▶ **Raw data**

━━━━━━━━

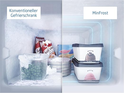 Grâce à la technologie MinFrost 🧊, l’accumulation de givre est fortement réduite dans la partie congélateur, minimisant les besoins de dégivrage et maintenant des performances optimales. Le compresseur ProSmart Inverter ⚙️ ajuste intelligemment sa vitesse pour garantir une température stable, réduire les nuisances sonores et maîtriser la consommation énergétique.
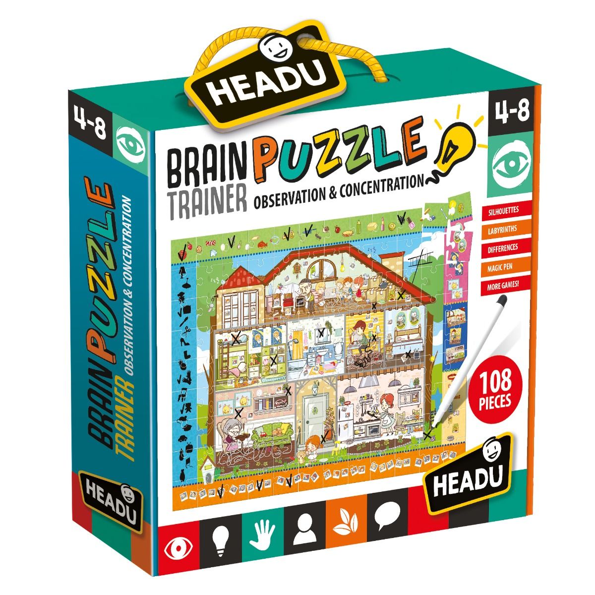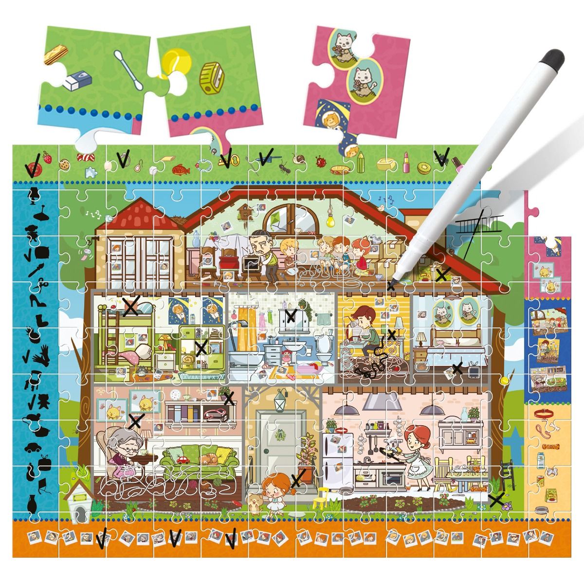 A large puzzle to be assembled and a special “draw and cancel” felt-tip pen to give children practice, by means of enjoyable exercises, in memory, observation, classification and orientation.
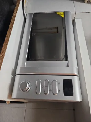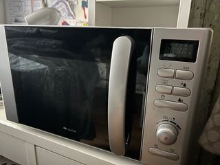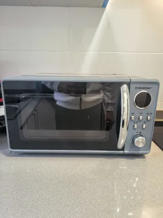 Microondas de la marca Silver Class con un diseño moderno y elegante. - Acabado en color plateado y negro. - Dos mandos giratorios para ajustar la potencia y el tiempo. Funciona perfectamente lo que está oxidado bajo plato interior como se muestra en fotos..

━━━━━━━━

▶ **Exercise brief**
From the first line to the last, copy the listing above exactly and leave out the images.

▶ **Completed exercise**
 Grâce à la technologie MinFrost 🧊, l’accumulation de givre est fortement réduite dans la partie congélateur, minimisant les besoins de dégivrage et maintenant des performances optimales. Le compresseur ProSmart Inverter ⚙️ ajuste intelligemment sa vitesse pour garantir une température stable, réduire les nuisances sonores et maîtriser la consommation énergétique.
 A large puzzle to be assembled and a special “draw and cancel” felt-tip pen to give children practice, by means of enjoyable exercises, in memory, observation, classification and orientation.
 Microondas de la marca Silver Class con un diseño moderno y elegante. - Acabado en color plateado y negro. - Dos mandos giratorios para ajustar la potencia y el tiempo. Funciona perfectamente lo que está oxidado bajo plato interior como se muestra en fotos..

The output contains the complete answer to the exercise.